Introduction Despite valvular heart disease (VHD) being a major contributor to cardiovascular health issues globally, limited epidemiological data exist for Malaysia.

Objective To examine the incidence, characteristics, and reasons behind treatment refusal in VHD.

Methods A cross-sectional, multi-centre study was conducted in Perak, Malaysia, using echocardiography data collected over six months to evaluate newly diagnosed VHD patients. Demographics, symptoms, aetiology, and disease severity were assessed.

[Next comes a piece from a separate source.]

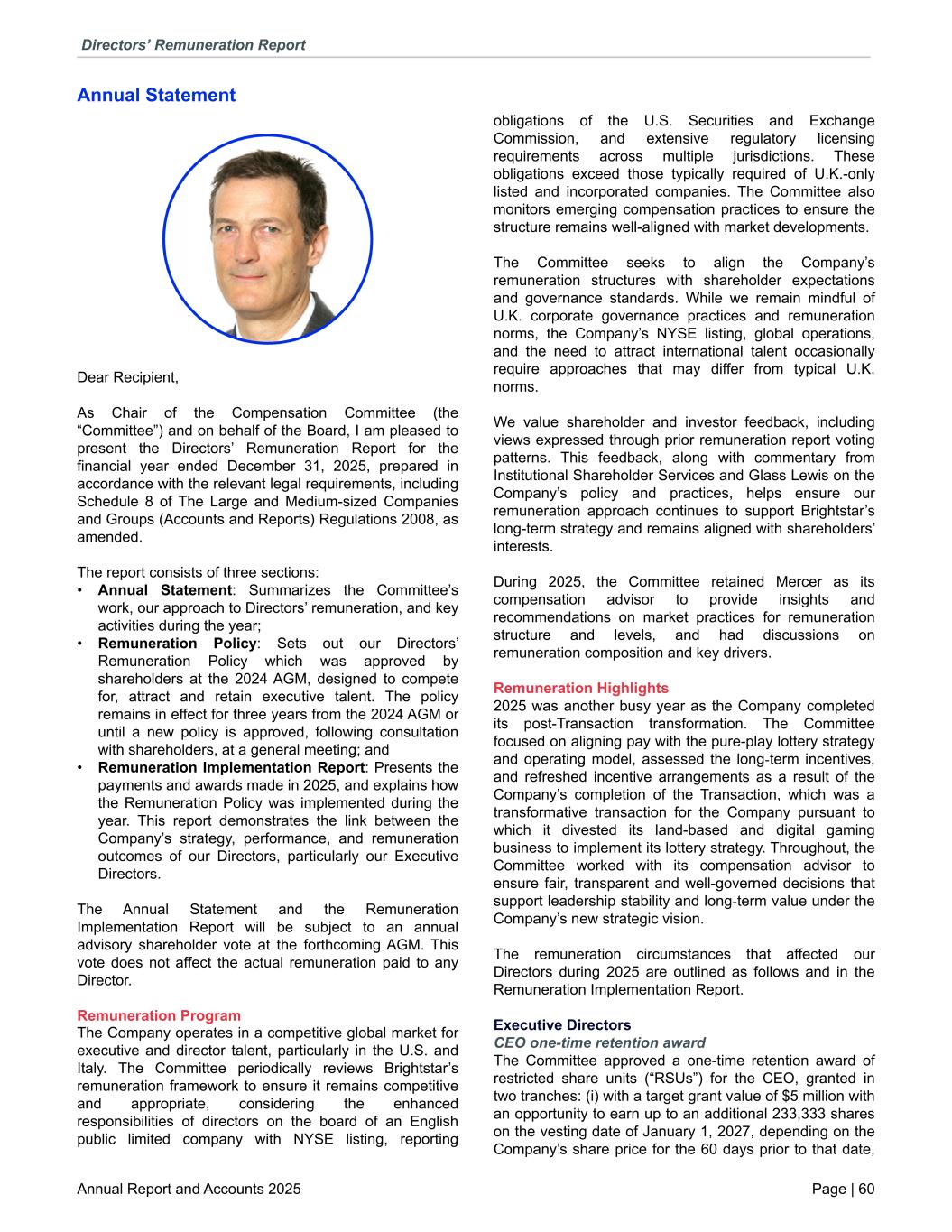 Annual Statement Dear Recipient, As Chair of the Compensation Committee (the “Committee”) and on behalf of the Board, I am pleased to present the Directors’ Remuneration Report for the financial year ended December 31, 2025, prepared in accordance with the relevant legal requirements, including Schedule 8 of The Large and Medium-sized Companies and Groups (Accounts and Reports) Regulations 2008, as amended. The report consists of three sections: • Annual Statement: Summarizes the Committee’s work, our approach to Directors’ remuneration, and key activities during the year; • Remuneration Policy: Sets out our Directors’ Remuneration Policy which was approved by shareholders at the 2024 AGM, designed to compete for, attract and retain executive talent. The policy remains in effect for three years from the 2024 AGM or until a new policy is approved, following consultation with shareholders, at a general meeting; and • Remuneration Implementation Report: Presents the payments and awards made in 2025, and explains how the Remuneration Policy was implemented during the year. This report demonstrates the link between the Company’s strategy, performance, and remuneration outcomes of our Directors, particularly our Executive Directors. The Annual Statement and the Remuneration Implementation Report will be subject to an annual advisory shareholder vote at the forthcoming AGM. This vote does not affect the actual remuneration paid to any Director. Remuneration Program The Company operates in a competitive global market for executive and director talent, particularly in the U.S. and Italy. The Committee periodically reviews Brightstar’s remuneration framework to ensure it remains competitive and appropriate, considering the enhanced responsibilities of directors on the board of an English public limited company with NYSE listing, reporting obligations of the U.S. Securities and Exchange Commission, and extensive regulatory licensing requirements across multiple jurisdictions. These obligations exceed those typically required of U.K.-only listed and incorporated companies. The Committee also monitors emerging compensation practices to ensure the structure remains well-aligned with market developments. The Committee seeks to align the Company’s remuneration structures with shareholder expectations and governance standards. While we remain mindful of U.K. corporate governance practices and remuneration norms, the Company’s NYSE listing, global operations, and the need to attract international talent occasionally require approaches that may differ from typical U.K. norms. We value shareholder and investor feedback, including views expressed through prior remuneration report voting patterns. This feedback, along with commentary from Institutional Shareholder Services and Glass Lewis on the Company’s policy and practices, helps ensure our remuneration approach continues to support Brightstar’s long-term strategy and remains aligned with shareholders’ interests. During 2025, the Committee retained Mercer as its compensation advisor to provide insights and recommendations on market practices for remuneration structure and levels, and had discussions on remuneration composition and key drivers. Remuneration Highlights 2025 was another busy year as the Company completed its post-Transaction transformation. The Committee focused on aligning pay with the pure-play lottery strategy and operating model, assessed the long-term incentives, and refreshed incentive arrangements as a result of the Company’s completion of the Transaction, which was a transformative transaction for the Company pursuant to which it divested its land-based and digital gaming business to implement its lottery strategy. Throughout, the Committee worked with its compensation advisor to ensure fair, transparent and well-governed decisions that support leadership stability and long-term value under the Company’s new strategic vision. The remuneration circumstances that affected our Directors during 2025 are outlined as follows and in the Remuneration Implementation Report. Executive Directors CEO one-time retention award The Committee approved a one-time retention award of restricted share units (“RSUs”) for the CEO, granted in two tranches: (i) with a target grant value of $5 million with an opportunity to earn up to an additional 233,333 shares on the vesting date of January 1, 2027, depending on the Company’s share price for the 60 days prior to that date, Directors’ Remuneration Report Annual Report and Accounts 2025 Page | 60

Results Echocardiography data from 12,610 patients revealed a 7.5% incidence of VHD. Mitral regurgitation (MR) was the most common, accounting for 34.1%, followed by tricuspid regurgitation (TR) at 32.3% and aortic regurgitation (AR) at 19.2%. Aortic stenosis (AS) and mitral stenosis (MS) were less frequent, at 5.6% and 1.6%, respectively. Most VHD cases were mild (65.6%), followed by moderate (29.2%) and severe (5.1%). The median age was 67, with a slight female majority, and the median LVEF was 57%. While 32.6% were asymptomatic, dyspnoea was the most common symptom (48.8%). Overall, pulmonary hypertension was present in 35.3%, whereas atrial fibrillation (AF) was found in 12.2%. In terms of aetiology, the most common overall was functional aetiology (59%). Rheumatic heart disease (RHD) affected 51.7% of MS cases, while degenerative aetiology was the main cause for AR (74.9%), AS (84.6%), and primary MR (71.4%). Both TR and pulmonary regurgitation (PR) were predominantly due to functional aetiology at 98% and 99%, respectively. Although RHD constituted only 6.2% of all VHD cases, it affected the mitral valve in 56.1%, with over half (52.6%) of RHD cases being moderate or severe. AS was strongly associated with hypertension and dyslipidaemia (p < 0.05), while TR was more common in females (p < 0.05). MR had strong associations with AF, chronic kidney disease (CKD), and ischemic heart disease (IHD) (p < 0.05), with MR being the most common valve lesion in AF (34.3%), CKD (36.4%), and IHD (35.8%). Despite 6.7% of patients requiring valve intervention, only 24.2% agreed to proceed (p < 0.001). The majority (36.3%) refused, primarily due to old age (62.5%) and fear of surgery (29.2%), while 39.4% were undecided. Multiple valves were involved in 72.6% of cases, with MR + TR being the most frequent combination (52.5%), primarily due to functional aetiology (75.2%).

Conclusion The incidence of VHD was 7.5%, with functional mitral regurgitation (MR) being the most common valve lesion. Patients primarily refused valve intervention due to old age. This study provides valuable insights into VHD in Malaysia.